1. The discussion seems to lack a logical flow. It would be better if there are some subheading directing the readers to specific content in the discussion.

Thank you for the suggestion. We modified it accordingly. See lines 439-639

Reviewer 2 Report

This work aims to study pain in a cohort of DM1 patients (23 males and 22 females), emphasizing gender differences. The authors assessed pain severity, interference with daily life activities, gait and balance, functional independence, and fatigue by applying several clinical tests and scales.  The manuscript is well-written and provides relevant data on pain perception in DM1 patients.

Comments

1.-To clarify the clinical variability of DM1, could the authors mention in the Introduction section the clinical phenotypes, including all forms of DM1?

2.-Pain is significantly correlated with CTG size (according to reference 11), but the pain has no negative effects on CTG expansion; please correct this assumption (lines 41 to 43).

3.-Could the authors give information about the CTG tract size of the recruited patients? Do patients belong to the classic DM1 phenotype?

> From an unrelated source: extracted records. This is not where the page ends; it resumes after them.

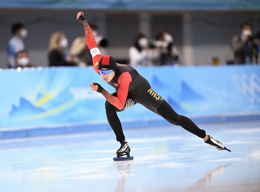 2月12日,中國(guó)選手高亭宇在比賽中。新華社記者武巍攝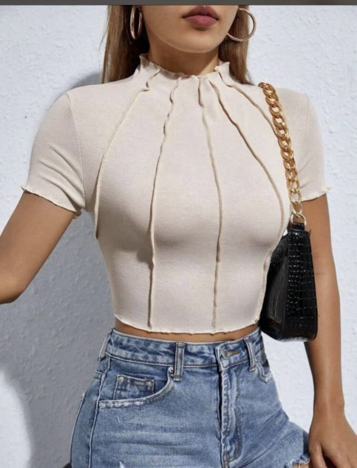کراپ آستین کوتاه کثیف دوزی دوخت از رو زنانه جنس کبریتی فیری سایز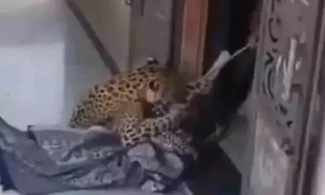 വീട്ടിലെത്തിയ പുലിയെ പിടികൂടി കെട്ടിയിട്ടു; വനംവകുപ്പിനെ വിളിച്ച് കാര്യം അറിയിച്ചു; വീട്ടമ്മയുടെ ധൈര്യം കണ്ട് അന്തംവിട്ട് നാട്ടുകാര്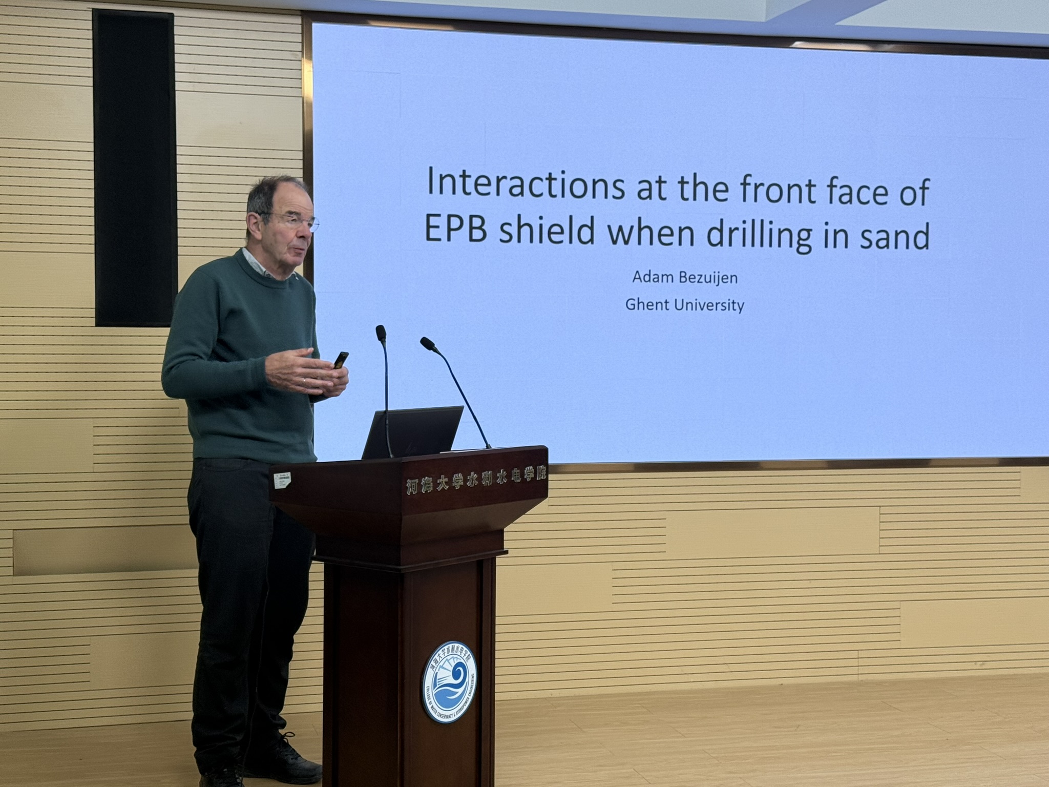 On the morning of November 19, 2025, the college successfully held an academic symposium in the 301 conference room of the Water and Electricity Building. At the invitation of Professor Wang Yuan, Professor Adam Bezuijen from Ghent University in Belgium visited our university and delivered an academic report titled Interaction Mechanism Between Shield Tunneling Face and Sandy Ground Layers. This report aims to deepen the understanding of shield tunneling mechanisms in complex sandy ground layers, reveal the interaction mechanism among soil-shield-groundwater-foam, and provide scientific evidence and technical support for refined control of shield tunneling faces and construction safety risk prevention.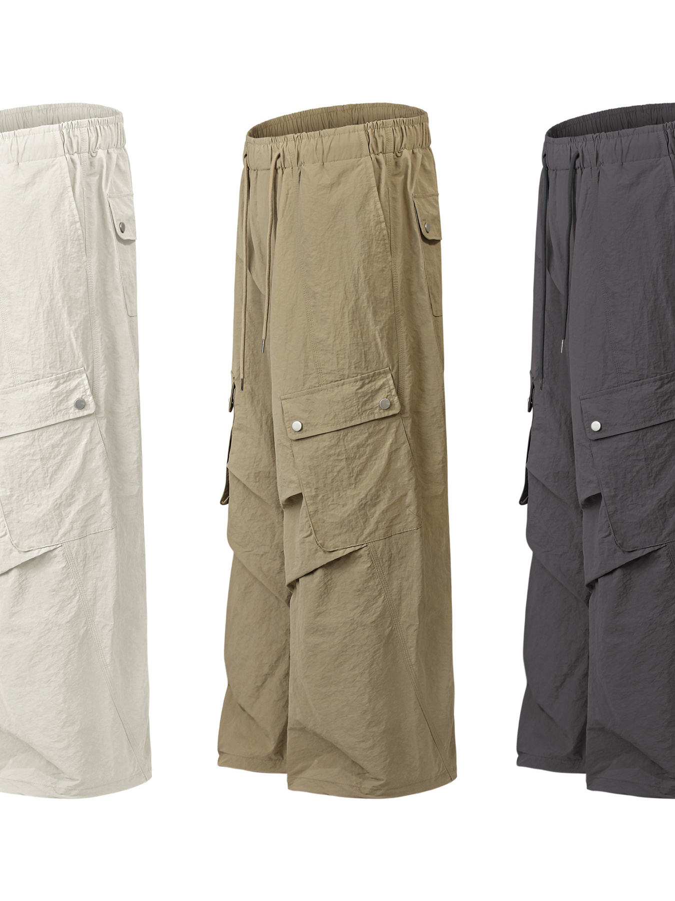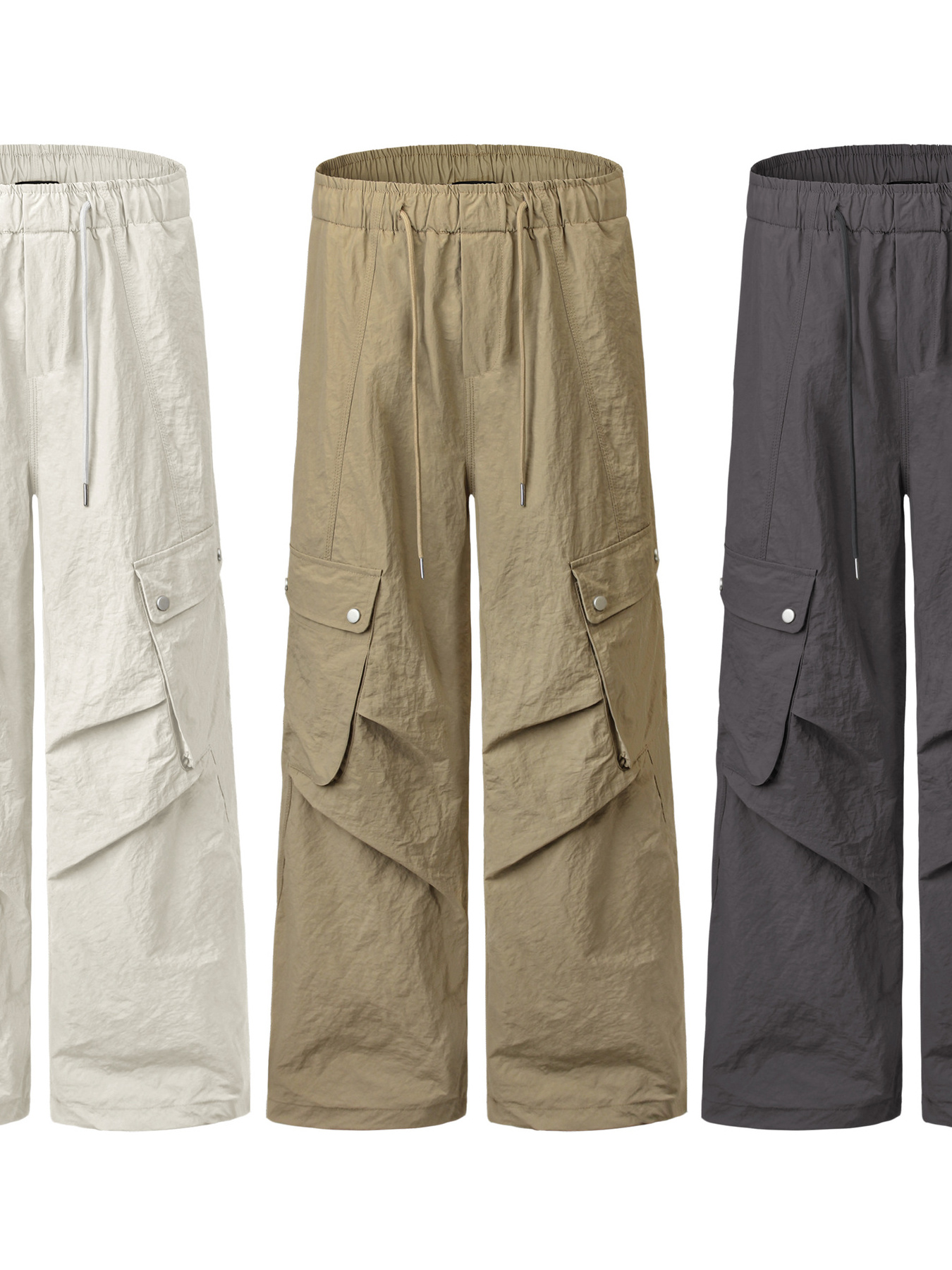 Men's Wide Leg Cargo Pants with Drawstring Waist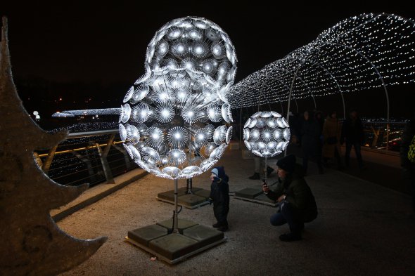 25 грудня 2020 скляний міст у парку Володимирська гірка у Києві до новорічних свят прикрасили незвичними прикрасами.

4.-Some information is missing in Figure 1. Please explain the color bars (green, severity index SI; blue, interference index II). Please include the y-axis legend, and explain the meaning of the numbers on each bar (frequency).

5.-It would be interesting to know if disease duration (disease progression) affects the perception of pain in this cohort. Is it possible to include this analysis?

Author Response

This work aims to study pain in a cohort of DM1 patients (23 males and 22 females), emphasizing gender differences. The authors assessed pain severity, interference with daily life activities, gait and balance, functional independence, and fatigue by applying several clinical tests and scales.  The manuscript is well-written and provides relevant data on pain perception in DM1 patients.

 Dear reviewer,

I would start by thanking you for taking the time to review this manuscript and for adding valuable and important suggestions for changes to improve understanding and overall transparency. All comments have been carefully addressed, which I hope you find clarity in the revised manuscript

Comments

1.-To clarify the clinical variability of DM1, could the authors mention in the Introduction section the clinical phenotypes, including all forms of DM1?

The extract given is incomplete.